近代の政治思想が疑いえない与件としてきた「主権国家=主権的主体」は、主権性を脅かす存在を暴力的に封殺しようとする。他方で、主権性によって脅かされてきた「なにものか」を救い出そうとしてきたフェミニズムは、その暴力に対抗する理論を構築してきたと言いうるのではないか。
この「なにものか」とは、母子のメタファーを用いながら考察してきた依存関係である。依存間系の中で見い出されるケアの倫理は、脆弱で非決定の存在のニーズに耳を澄まし、存在のあらわれを可能とするニーズに応え、かつ存在の他性を尊重することを要請している。

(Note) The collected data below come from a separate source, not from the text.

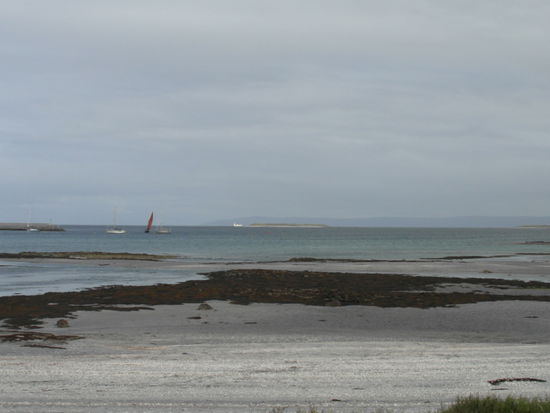 Aber von Anfang an: Wir machten diesen Ausflug alleine, nicht als Tour, hatten aber trotzdem eine Art Package gebucht, bei dem wir von einem Bus zur Fähre gebracht wurden. Ganz in der Nähe des Eyre Square fuhr der Bus ab, ein recht alter, klappriger Doppeldecker-Bus. Die Fahrt ging immer an der Bucht entlang bis nach Ros a'Mhíl, wo die Fähre schon wartete. Sie war darum schon recht voll, aber mich zog es sowieso sofort nach oben ins Freie. Meine Mutter, die unten bleiben wollte, fand noch einen freien Platz.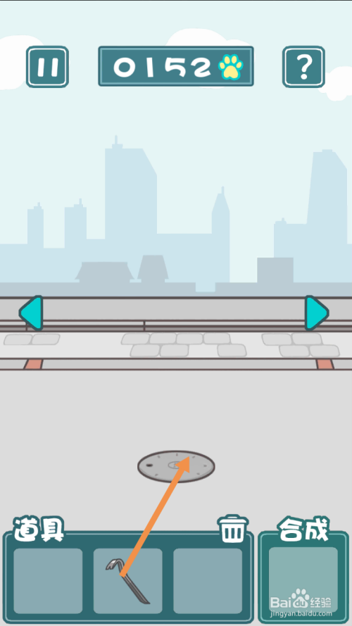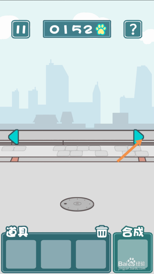 点击标的目的右箭头到右边去。在右边,将物理学圣剑拖动到井盖处。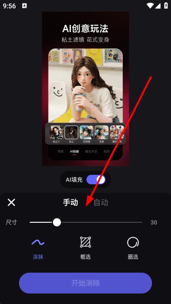 2、選擇手動模式,可通過涂抹、框選、圈選工具,精準(zhǔn)標(biāo)記需消除的畫面區(qū)域;切換自動模式,AI 會智能識別選區(qū),也可添加文字、水印等元素。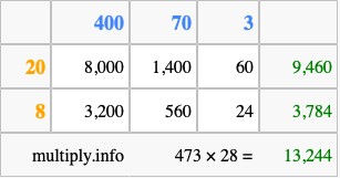Finally, we add up all the sums we found in step 3 to get our final answer to 473 times 28.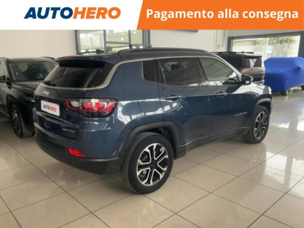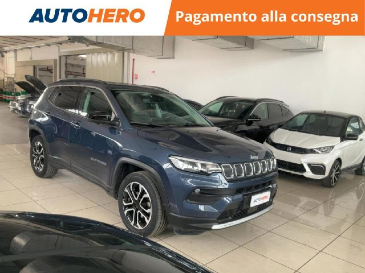 Specchietto retrovisore con funzione ant, Bluetooth, Filtro antiparticolato, Vivavoce, Isofix, Touch screen, MP3, USB, Controllo vocale, Start/Stop Automatico, Sensori di parcheggio anteriori, Telecamera per parcheggio assistito, Sensore di pioggia, Sensore di luce, Sensori di parcheggio posteriori, Specchietti laterali elettrici, Fari LED, Chiusura centralizzata senza chiave, Bracciolo, Adaptive Cruise Control, Airbag testa, Riconoscimento dei segnali stradali, Sedile posteriore sdoppiato, Vetri oscurati, Frenata d\'emergenza assistita, Climatizzatore automatico, 2 zone, Freno di stazionamento elettrico, Apple CarPlay, Android Auto, Schermo multifunzione interamente digita, 360° camera. PAGAMENTO ALLA CONSEGNA, RESO GRATUITO E 1 ANNO DI GARANZIA: SOLO SU AUTOHERO! _________________________________________ SEMPRE INCLUSO: - Pagamento alla consegna, prima vedi poi paghi - Reso gratuito, avrai 21 giorni e 500 km per cambiare idea - Finanziamento flessibile**, personalizzabile senza vincoli - Standard di qualità, veicoli ricondizionati e sanificati - Semplicità nell\'acquisto, gestiamo noi tutte le pratiche - Acquisto sicuro, più di 1000 feedback positivi su Trustpilot - Garanzia 12 mesi inclusa, estendibile fino a 36 mesi _________________________________________ SALIAMO A BORDO! Tra le nostre Jeep Compass, questa si presenta nell allestimento Limited che coi suoi numerosi optional migliorerà la tua esperienza di guida, accompagnandoti a destinazione in tutta serenità. Immatricolata a aprile 2022, si presenta in perfette condizioni. L alimentazione Diesel è ancora la soluzione migliore per gli spostamenti più lunghi e per garantire maggiore vita al tuo motore. Infine, la vita a bordo sarà più facile grazie a Chiusura centralizzata, e . Che aspetti? Visita il nostro sito per scoprire tutti i dettagli e la sua storia! _________________________________________ CONTATTACI SUBITO: - Telefonicamente al numero indicato nell\'annuncio - Tramite mail a clienti@autohero.com - Sul nostro sito www.autohero.com - Offerta N.KX66115 Annuncio completo: https://www.autohero.com/it/Link/id/1d395249-87e8-4ef0-9e9a-5e0942994119/?utm_source=CLA&utm_medium=classifieds&utm_campaign=classifieds_IT.

暴力とはその定義上、主体の意志貫徹のために暴力の対象を客体化することである。他者の存在に呼びかけられてしまうことから始まるケアの倫理は、まず何よりも、ケアを担う者にもケアを受ける者にも、他者を客体化してしまうことすなわち暴力的な主体であることを禁じる倫理であるはずだ。〔…〕母子のメタファーを覆っていた幻想の脱神話化を経たわたしたちは、いまやトロントたちの言うケア実践が、自他を一体化して捉える利害対立のない調和的なユートピアにおける実践であるのではなく、その逆に、時に他者からの否応ない呼びかけによって自己が翻弄され、時に圧倒的に弱い他者を圧殺してしまいそうな誘惑に駆られつつ、だからこそ強い倫理が課された実践であることを知っている。ケアにはつねに軋轢が存在しているのだ。より正確に言うならば、自他との間には必ず軋轢が存在し、その軋轢を根絶することは不可能であり、また、根絶を試みることは自他を滅ぼすことに他ならないのだから、自他の間にはつねにケアの倫理が要請される。